However, the fingerprint evidence in the Cowans case involved both concealment and an outright false identification. As Professor Koehler noted, one of the foremost scholars of false convictions, Professor Brandon Garrett of the University of Virginia School of Law, reported the Cowans case as a false positive. Garrett clearly stated that although the Boston Police fingerprint examiner “realized at some point prior to trial that Cowans was excluded , ... he concealed the fact and instead told the jury that the print matched Cowan’s.” 6/ Likewise, along with the national Innocence Project’s co-founder and co-director Peter Neufeld, Professor Garrett explained in an earlier law review article that the trial transcript showed that “Officer LeBlanc misrepresented to the jury that the latent print matched Cowans’s.” 7/ Thus, the Innocence Project serves up 1.7% as the figure for “improper” fingerprint evidence in the first 300 exonerations.
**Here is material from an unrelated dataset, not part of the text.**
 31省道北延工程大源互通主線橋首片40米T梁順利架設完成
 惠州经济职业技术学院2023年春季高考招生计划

This may seem like much ado about almost nothing. One problem case in a small sample is not significantly different from none. But there is a legal issue lurking here. To ascertain the more appropriate figure we need to specify the purpose of the inquiry. Do we want to estimate the prevalence of all kinds of improper behavior—including perjury (or at least knowing falsehoods uttered or implied) by fingerprint examiners? If so, the Hampikian or Koehler numbers are the candidates for further analysis.
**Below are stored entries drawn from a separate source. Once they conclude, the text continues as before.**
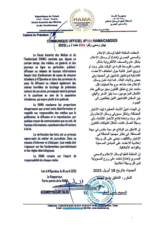 لاحظت السلطة العليا لوسائل الإعلام والسمعي البصري (هاما) أن وسائل الإعلام بشكل عام والصحف الالكترونية بشكل خاص، تقوم منذ فترة من الوقت بنشر وبث أو ترويج أخبار كاذبة حول اختطاف الأعضاء التناسلية لمواطنين تشاديين في أنجمينا وفي بعض ولايات البلاد. كما تبث نفس وسائل الإعلام هذه مشاهد مروعة لعمليات قتل متعمد خارج نطاق القانون بحق مرتكبي هذه الأفعال المزعومين، مما يثير الذعر والهلع بين السكان التشاديين الذين يتطلعون إلى الهدوء.
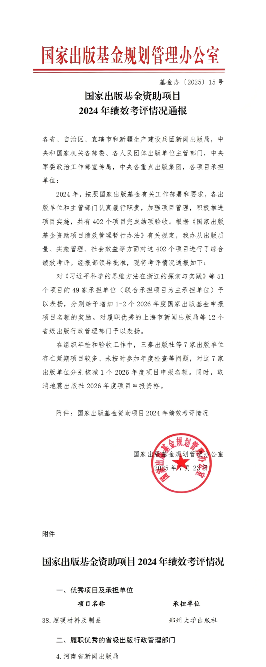 近日,国家出版基金规划管理办公室发布《国家出版基金资助项目2024年绩效考评情况通报》,公布了国家出版基金2024年结项考评优秀及实施不力的项目和单位。全国共有51个出版基金项目(49家承办单位)被评为“优秀”等次。继2023年被通报表扬之后,德赢AC米兰中国官方网站出版社的出版项目今年再次上榜,获得考评优秀等次,并奖励1-2个2026年度国家出版基金申报项目名额。
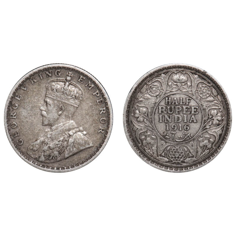 George V, Silver, Half Rupee, 1916, Bombay Mint, Dot, Elephant. F. Prid 340. GK 1054. Extremely Fine. Very Scarce.
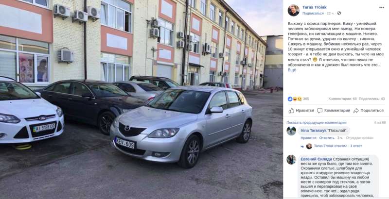 «Выхожу с офиса партнеров. Вижу — умнейший человек заблокировал мне выезд. Ни номера телефона, ни сигнализации в машине. Ничего. Потягал за ручки, ударил по колесу — тишина. Сажусь в машину, бибикаю несколько раз, через 10 минут открывается окно и умнейший человек говорит — а я тебе не дам выехать, ты чего на мое место стал? Я отвечаю, что оно никак не обозначено, и как я должен был понять, что это место столь пииип уважаемого человека?

But Judge Posner was responding to a Daubert challenge to fingerprinting. The question before the Herrara court was whether latent fingerprint examiners can provide valid, seemingly scientific, testimony—not whether they can lie or conceal evidence.  The rate of unintentional misidentifications therefore is the relevant one, and that rate seems closer to zero (in the exonerations to date) than to 1.7%. 8/

So Judge Posner is not clearly wrong in speaking of zero errors. But what can we legitimately conclude from his observation that "[o]f the first 194 prisoners in the United States exonerated by DNA evidence, none had been convicted on the basis of erroneous fingerprint matches, whereas 75 percent had been convicted on the basis of mistaken eyewitness identification"? Does this comparison prove that latent print examiners are more accurate than eyewitnesses?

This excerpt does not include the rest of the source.